A reward of +1 is given for each timestep ball stays on beam.

Reset

Resets when ball falls of beam.


BallBeamSetpointEnv

The agent's job is to keep the ball's position as close as possible to a setpoint.

Parameters

  • timestep - Length of a timestep.
  • setpoint - Ball setpoint position on beam (None for random).
  • beam_length - Length of beam.
  • max_angle - Max/min angle of beam.

Observation Space:

  • Beam angle
  • Ball position
  • Ball velocity
  • Setpoint position

Action Space:

  • Beam angle

Rewards

At each timestep the agent is rewarded with the squared proximity between the ball and the setpoint:

reward = (1 - (setpoint - ball_position)/beam_length)^2.

Reset

Resets when ball falls of beam.


API

The environments use the same API and inherits from OpenAI gyms.
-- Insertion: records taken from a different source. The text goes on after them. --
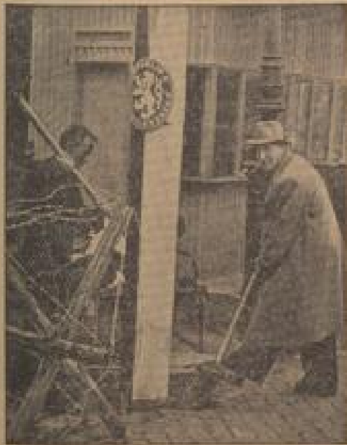
Im tschechischen Widerstandskämpfer in der Region von Tschuden wurden nunmehr gründlich die Verwüstungen beseitigt. (Wiese-Gottmann, Sonder-Nr.)
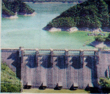
Embalses se llenaron. F.E

Indicó que, el aumento de turbidez en los acueductos Haina, Manoguayabo e Isabela, requieren de desinfección para
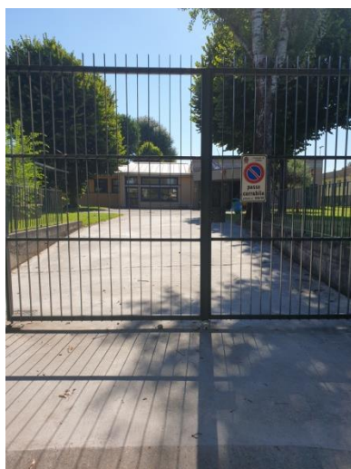
Cancello 1 Via Fontanili

SI UTILIZZA LO STESSO INGRESSO PER TUTTE E TRE LE SEZIONI, UNA VOLTA ALL'INTERNO DEL CORTILE, SI SEGUIRANNO PERCORSI DIVERSI PER RAGGIUGNARE LE SINGOLE SEZIONI, UTILIZZANDO INGRESSI LATERALI ESTERNI.
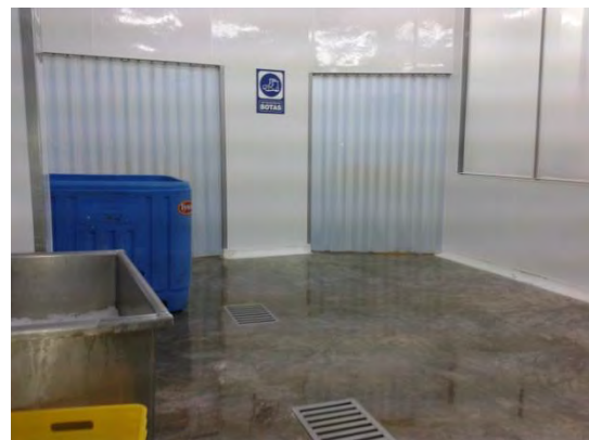
Ilustración 13 Lavadero y destripador de la Cooperativa "Congeladora, Salomón".
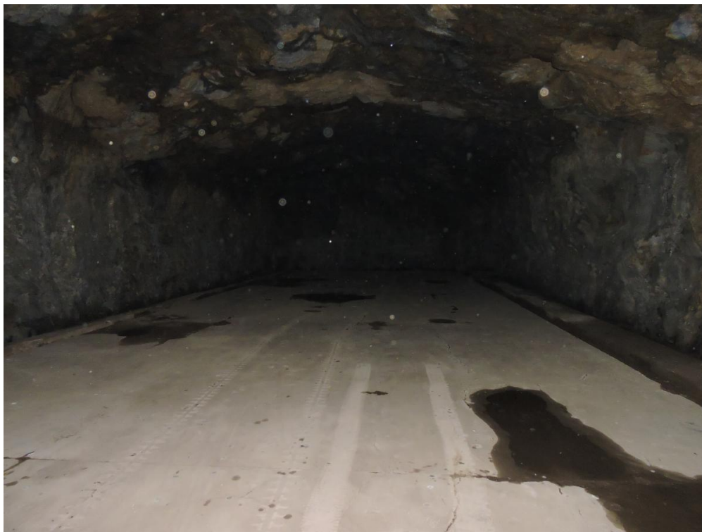
Kuva 3. Yksi luolista.

todisteena näytteiden oton jäljiltä lattiassa siellä tällä olevat tasaisen pyöreät reiät. Pimeää, kylmää ja kosteaahan tiloissa yhä on, mutta hengittämään pystyimme ja taskulamppujen valossa kiersimme luolaston kolme tunnelia läpi. Alla olevasta kuvasta ei erota tunnelin päässä olevaa aukkoa seuraavaan tunneliin sillä luolastossa oli todella pimeää.
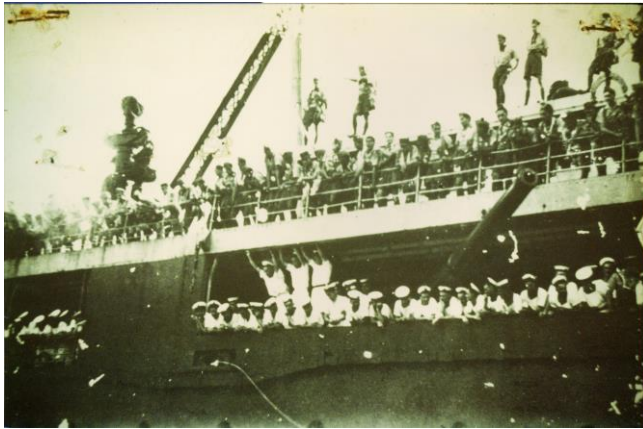
Port de Papeete – 21 avril 1941

Dès l'annonce de l'armistice signé par le Maréchal Pétain et dès l'Appel du 18 juin 1940, les Polynésiens ont manifesté avec force et détermination leur volonté d'aller se battre pour aider la France à se relever.
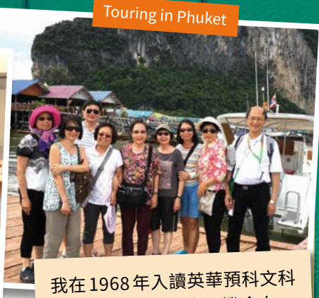
Touring in Phuket

http://www.ywgsaa.org.hk/sites/default/files/newsletter_overseas/OAN_1902.pdf
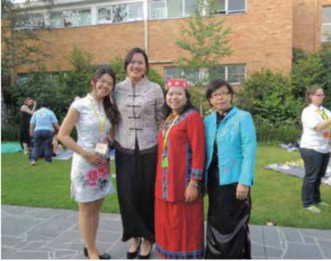
2013 韓國國際露營 第 11 屆亞太會議 - 日本東京 2014 第 35 屆世界會議 - 香港 亞太地區服務員研討會 - 澳洲
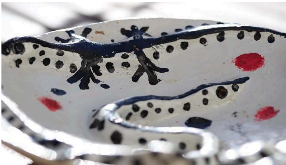
Figure 6. – Figure de la salamandre à côté d'une couleuvre sur une poterie représentant les « gardiens de l'eau » (Tamridjet, Ait Bouyef, Béjaïa : Algérie).

africaines que nous décrirons ci-dessous. Après quoi nous nous attarderons spécialement sur la place de cet animal dans la littérature orale à travers quelques dictons et devinettes.
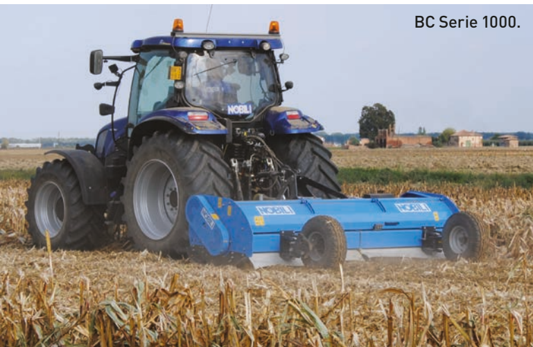
BC Serie 1000.
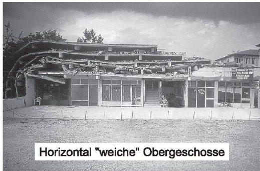
Horizontal "weiche" Obergeschosse
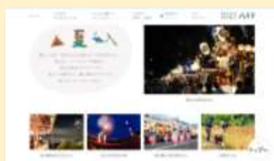
春夏秋冬イベント -季節の多彩なイベントを紹介-
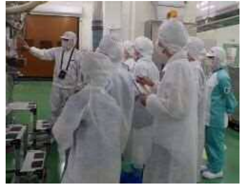
一日食品衛生監視員 工場内監視の様子

低年齢層を含めた消費者が食品衛生監視業務を体験できるイベント（10組20名程度）を実施し食の安全に関する知識の普及を図ります。
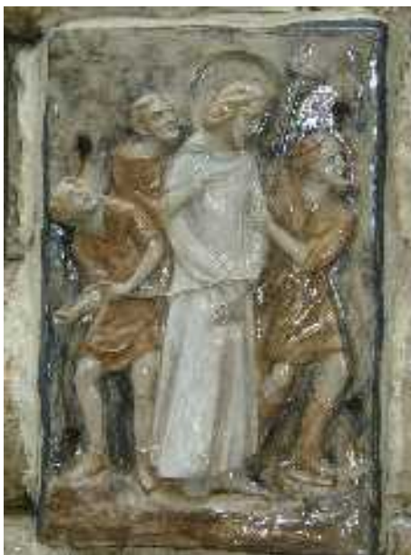
Jézus elfogatása — dombormű a Gecsemáné kertben

„Tedd vissza kardodat a helyére, mert akik kardot fognak, kard által vesznek el. 53 Vagy azt gondolod, hogy nem kérhetném meg Atyámat, hogy adjon mellém most tizenkét sereg angyalnál is többet? 54 De mi-képpen teljesednének be akkor az Írások, hogy ennek így kell történnie?” 55 Abban az órában így szólt Jézus a sokasághoz: „Úgy vo-nultatok ki, mint valami rabló ellen, kardokkal és botokkal, hogy el-fogjatok; mindennap a templomban ültem és tanítottam, mégsem fog-tatok el.” 56 Mindez pedig azért történt, hogy beteljesedjenek a prófé-ták írásai. Akkor a tanítványok mind elhagyták Őt, és elfutottak.
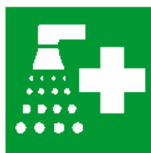
DOCCIA di EMERGENZA
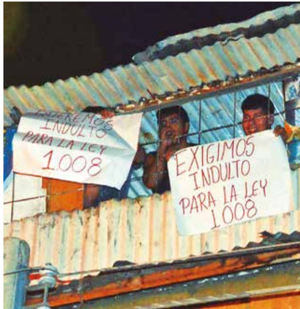
Protesta en San Antonio, Cochabamba. HERNAN ANDIA

En tanto, los reos en la protesta pedían amnistía. “Que-
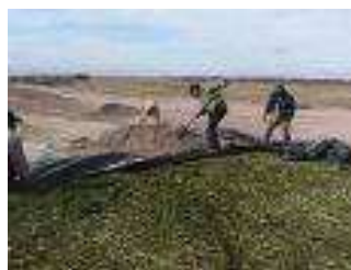
Figura 27. Silo tradicional

Éstos incluyen el corte y la recolección, la elaboración del producto (henaje, producción del ensilado), fungibles (energía, insumos), depreciación del equipo, depreciación de los edificios (depósito de grano, silo) y mano de obra, la cual es a menudo intensa para estas operaciones. El forraje preservado es entonces costoso.
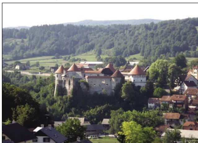
Srejdi Suhe krajine stogi grad Žužemberk

so Ribničani odavali štiristau fele škeri. Redili so posaude, kijauke, site, mlašeče špile pa dosta vsefelé drügo. Škeri pa so mogle priti do küpcov. Pri tom so pomogli »krošnjari«, štéri so odavali v Avstriji, na Vogrskom, na Češkom, v Galiciji pa na Ro-
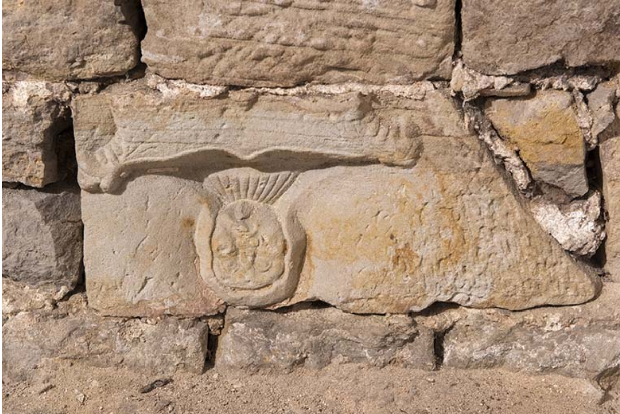
Element de bas-relief en remploi dans le sous-sol.
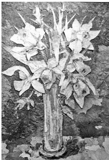
«Нарциссы» (мать-и-мачеха, роза, анютины глазки, чеснок).

ко. – Учеба, дом, семья не оставляли на это времени. А семь лет назад увидела у коллеги потрясающие картины из листьев – и сразу почувствовала непреодолимое желание повторить.
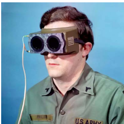
Équipement, lunettes de protection, flash aveuglant, 1974.
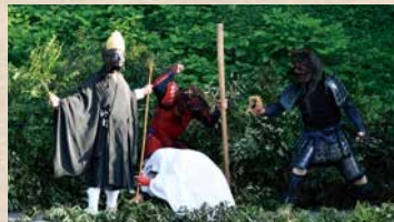
死出の山 観音菩薩が現れて亡者を救い、鬼と問答を交わす
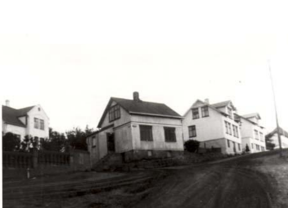
Húsið sem er fremmst á myndinn er Suðurgata 29 en það hús er horfið í dag en hin húsin eru Suðurgata 31 og 33 standa enn, einnig sést í gaflinn á Gíslabúð. Lengst til vinstri er Hliðabraut 2.
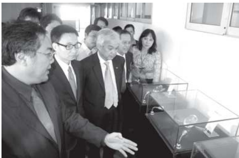
Phó Thủ tướng Vũ Đức Đam thăm Trung tâm ICDREC.

ĐHQG-HCM về những khó khăn trong việc giải phóng mặt bằng, chảy máu chất xám, Phó Thủ tướng cũng bày tỏ sự ủng hộ về cơ chế và vấn đề tự chủ của ĐHQG-HCM. Đồng thời, Phó Thủ tướng đề nghị, với những thành quả đáng tự hào bước đầu, ĐHQG-HCM cần xác định mốc thời gian nhất định để có thể gia nhập cộng đồng các đại học lớn trên thế giới ■
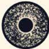
قورباغه‌ی گوجه‌ای ماداگاسکار
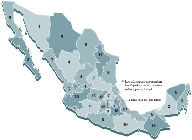
Fig. IV.1: Diputados por entidad federativa en México (ilustración de Omar Hernández)

En el caso de México, la ley postula que el mínimo de distritos electorales por estado es dos (como en el caso de Colima). El resto de los distritos se distribuye entre los estados faltantes utilizando el algoritmo de Hare-Niemeyer, que explicamos en la sección V.
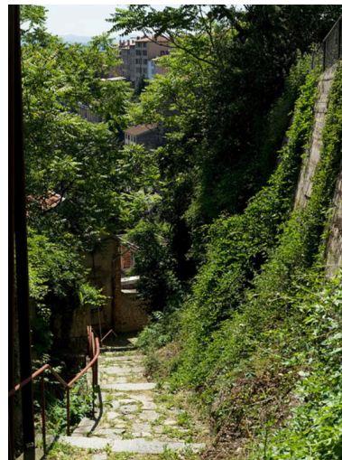
Le chemin, dans sa moitié inférieure. IVR83_20116300568NUC4A
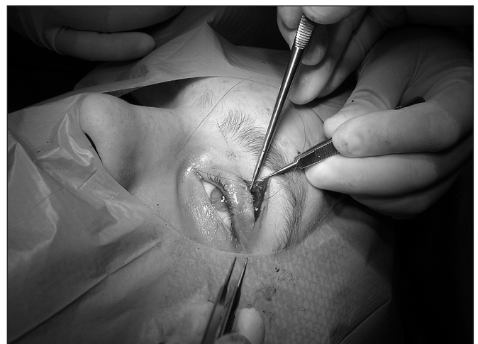
Obr. 9. Sutura podkoží
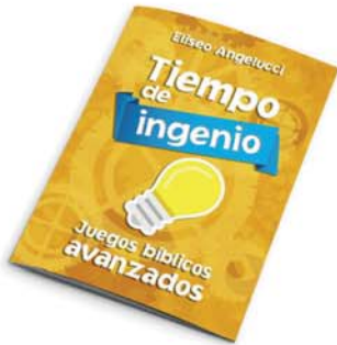
Tiempo de ingenio - 2a ed. [8858]
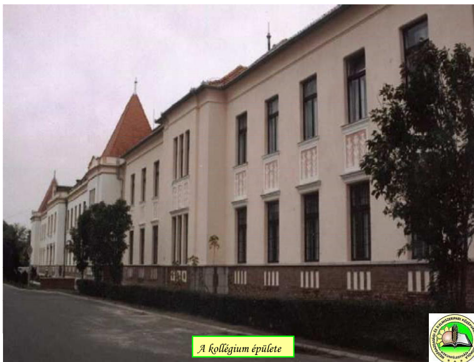
A kollégium épülete
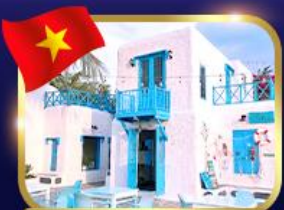
คาเฟ่สไตล์ซานโตรินี่ ชันทรา มารีน่า
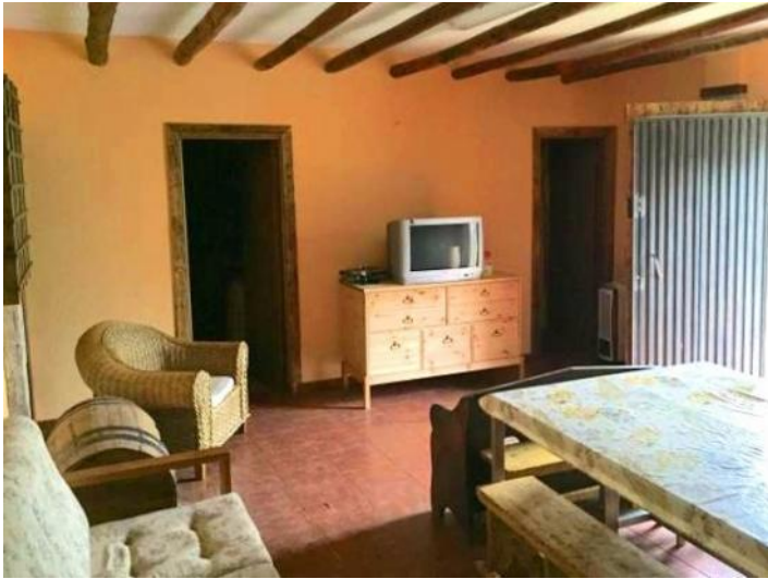
The living room
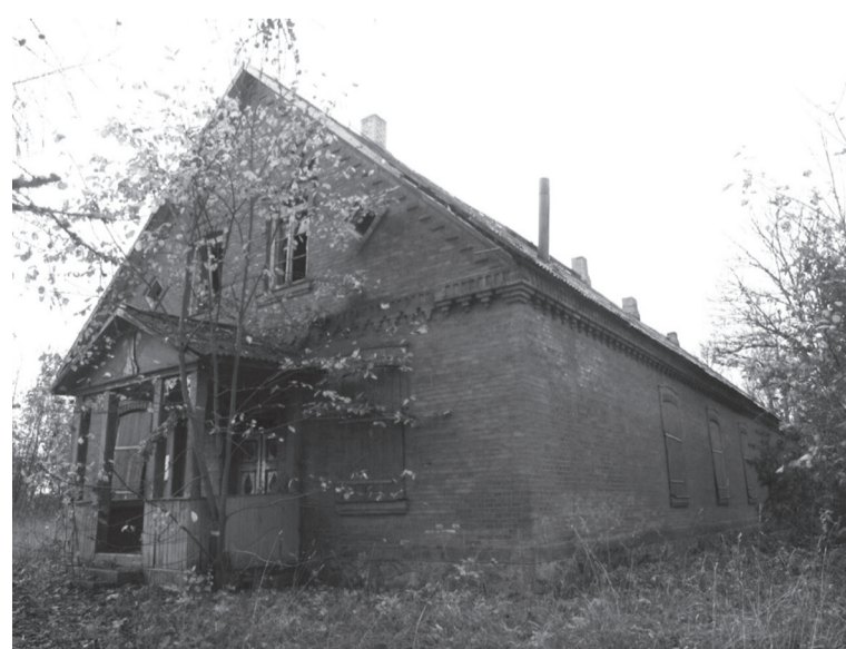
Enne remonti olli leerimaja nii siist ku välläst peris lagunu.
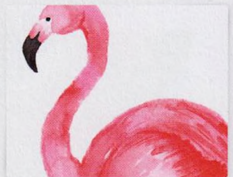
104 | Plameňák
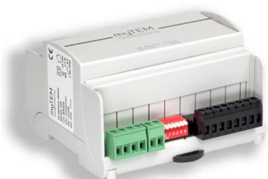
myTEM IO Modul Small MTIOS-100

Le IO Modul MTIOS-100 est un module universel de myTEM pour étendre votre système de maison intelligente avec des entrées et sorties supplémentaires. Pour ce faire, l'appareil est connecté à votre serveur central myTEM Smart Server via le système de bus CAN.
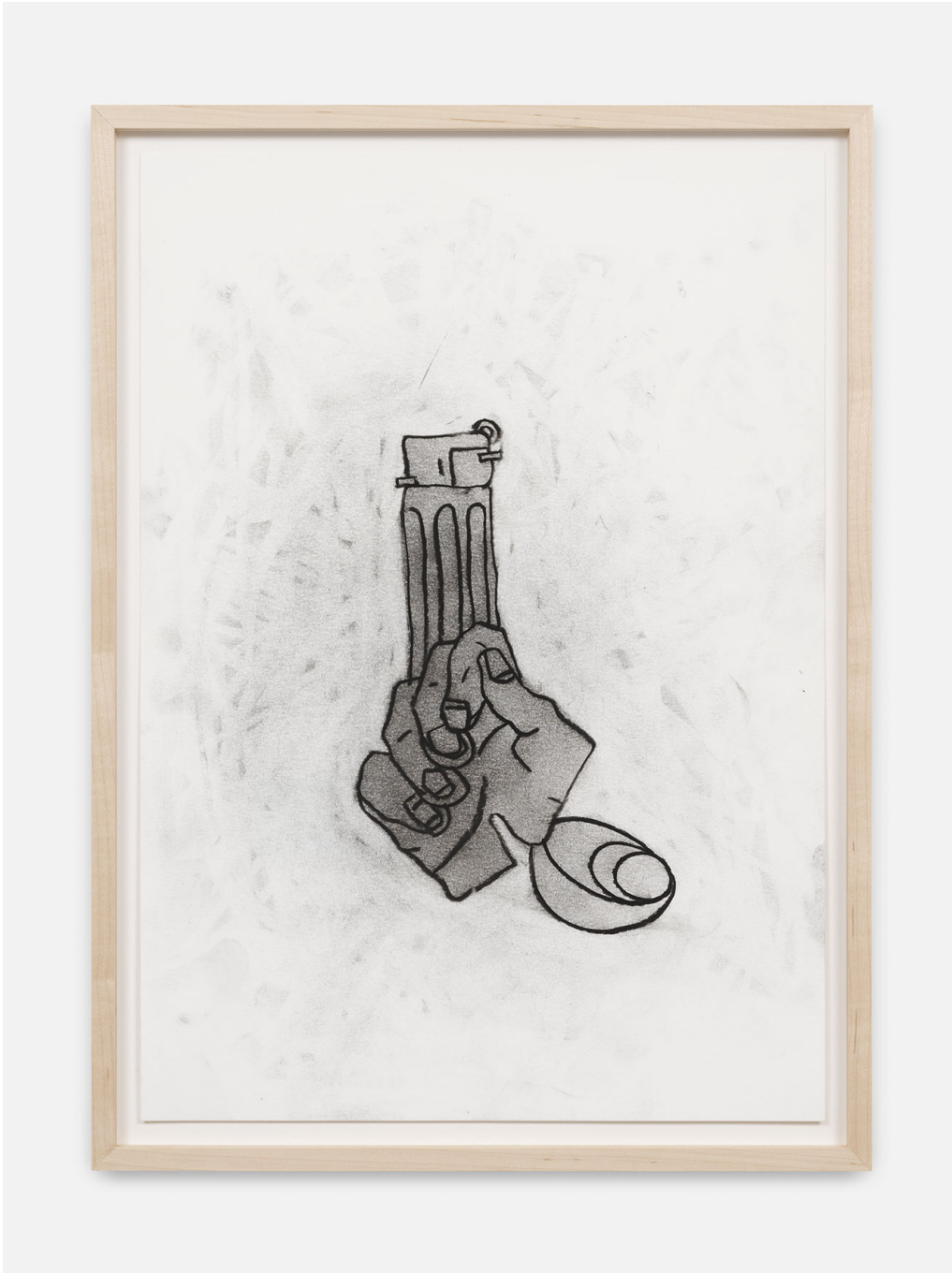
RUN-Series , 2023 Charcoal on paper 16.54 x 11.42 in ( 42 x 29,5 cm )
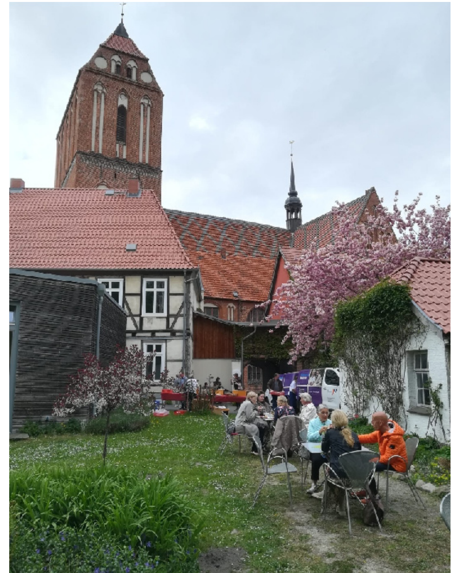
Imbiss und Begegnungen anlässlich 20 Jahre ambulanter Hospizdienst.
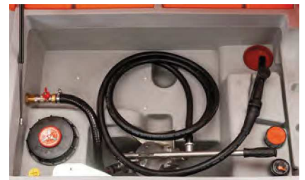
Ausführung mit Handpumpe 60 l/min
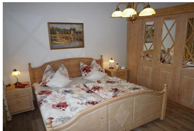
Matratzen mit Härtegraden II und III
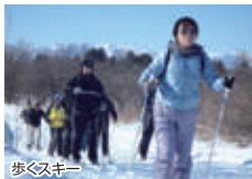
歩くスキー 森の自然の中で健康になる
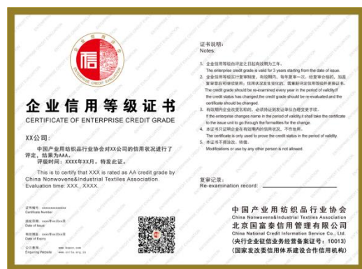
企业信用评价等级证书

中国产业用纺织品行业协会对取得信用等级评价的企业颁发统一制式、统一编码规则的标牌和证书。证书编号对应的企业信用等级状况在全国行业信用公共服务平台（ www.bcp12312.org.cn ）、中国商务信用平台（ www.bcpcn.com ）、协会官方网站（ www.cnita.org.cn ）进行查询。
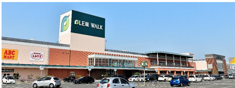
「プレ葉ウォーク浜北」外観

「プレ葉ウォーク浜北」は、アピタと約150のテナント専門店で構成され、2002年に開業しました。今回、初の大規模なリニューアルとして、アピタの売場面積を約2割増の約12,900㎡に拡大し、テナント専門店を一部刷新することで、従来の客層に加え、浜北エリアのニューファミリー層や若年層のニーズにお応えできる「次世代のモール型ショッピングセンター」へ生まれ変わります。

  • step(action) - Simulate one timestep.
  • reset() - Reset environment to start conditions.
  • render() - Visualize one timestep.
  • seed(seed) - Make environment deterministic.

Example: PID Controller

import gym
import ballbeam_gym

# pass env arguments as kwargs
kwargs = {'time_step': 0.05, 
          'setpoint': 0.4,
          'beam_length': 1.0,
          'max_angle': 0.2}

# create env
env = gym.make('BallBeamSetpoint-v0', **kwargs)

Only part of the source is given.